Strong enforcement seems incapable of stopping natural market forces, either for alcohol in the 1920's or for narcotics in the 1990's. In both cases, the lure of profits in the illegal trade has been stronger than the fear of punishment. Some leaders are caught, but others always seem ready to step into the dangerous but profitable business. The possibility of a long jail sentence is not awful enough to stop them. The US Bill of Rights doesn't allow "cruel and unusual punishments," but perhaps sentences stronger than prison time should be considered.
Instead of focusing on drug dealers, some leaders have recommended efforts to reduce consumer demand for illegal substances. First Lady Nancy Reagan's campaign to "Just Say No" to drugs is one example. Other school and community programs on drug education promote similar aims of reducing demand. These programs have had some positive effect, but they have had to fight the very powerful market incentive of drug pushers to develop profitable new customers.
Some have suggested that the most effective way to act against strong market forces is to introduce equally strong dollar incentives. Cash rewards for turning in criminals work this way. If a reward is high enough, even a person's best friend will turn him in. Sometimes large cash penalties will have an effect in reducing crime. If drug buyers knew that they could lose their car or face a fine of one hundred times the value of their purchase, their enthusiasm for drugs would cool. Some would argue that such penalties are out of line with their drug purchase. But if such a program resulted in less drug activity, a community might think the penalties worth it. They would bring in big revenue, rather than be a big cost like typical drug enforcement. And they would actually reduce demand for drugs, cutting the profits of drug dealers.

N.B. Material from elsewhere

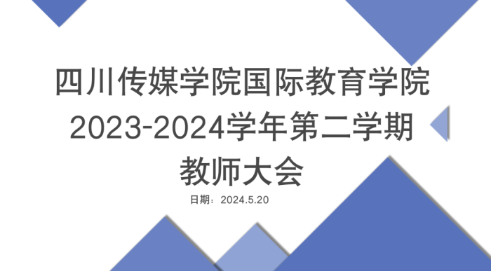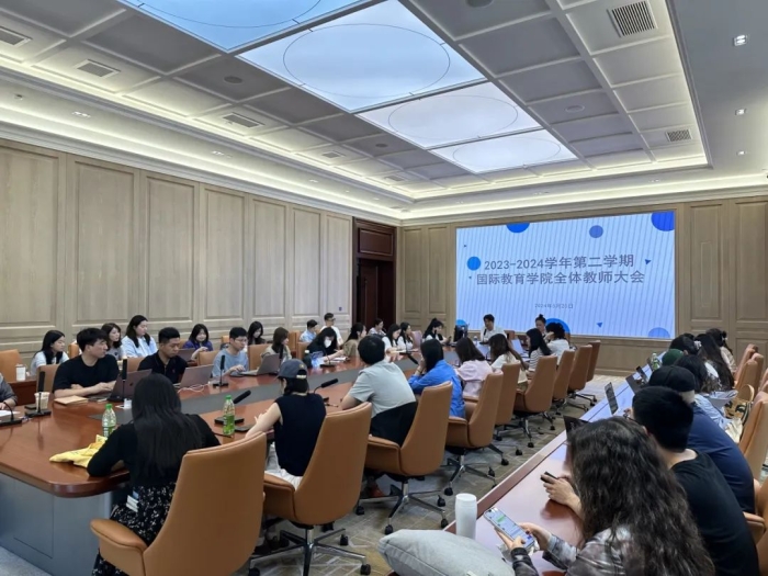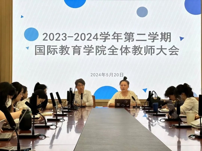 为保证教学工作的稳步推进,提高学院工作效率,促进教师之间的沟通。5月20日,国际教育学院举行了“2023-2024学年第二学期期中全体教师大会”。

One radical idea that has been proposed is to legalize drugs. Only a few people argue for such a step. They point out that the re-legalization of alcohol in 1933 did sharply reduce gangster activities. People faced less danger of getting ill on homemade booze. The government taxed alcohol to collect some of the profits that gangsters had made. The tax has kept up the price of liquor, discouraging some drinking. Similar arguments are made for legalizing drugs. But many people fear that the use of drugs would increase if they were made legal. They worry that readily available narcotics could lead more people to become addicted, hurting their effectiveness at home and at work.
In summary, three main approaches have been recommended for
fighting the problems caused by illegal drugs:
1. Increased enforcement of drug laws (reduce supply)
2. Increased programs to discourage the use of drugs (reduce demand)
3. Legalize drugs (make the market freer)
What approach(es) do you feel will work best?
Chapter III CRIME: Reducing its frequency and cost
Crime doesn't pay. Or does it? Many types of crime, like selling drugs, are really a kind of business. Unfortunately those illegal enterprises do pay, often handsomely.
The word crime covers a wide variety of activities. For analysis, it is helpful to split crime into two groups: activities related to an illegal way of making money (including related violence) and secondly, crimes of passion.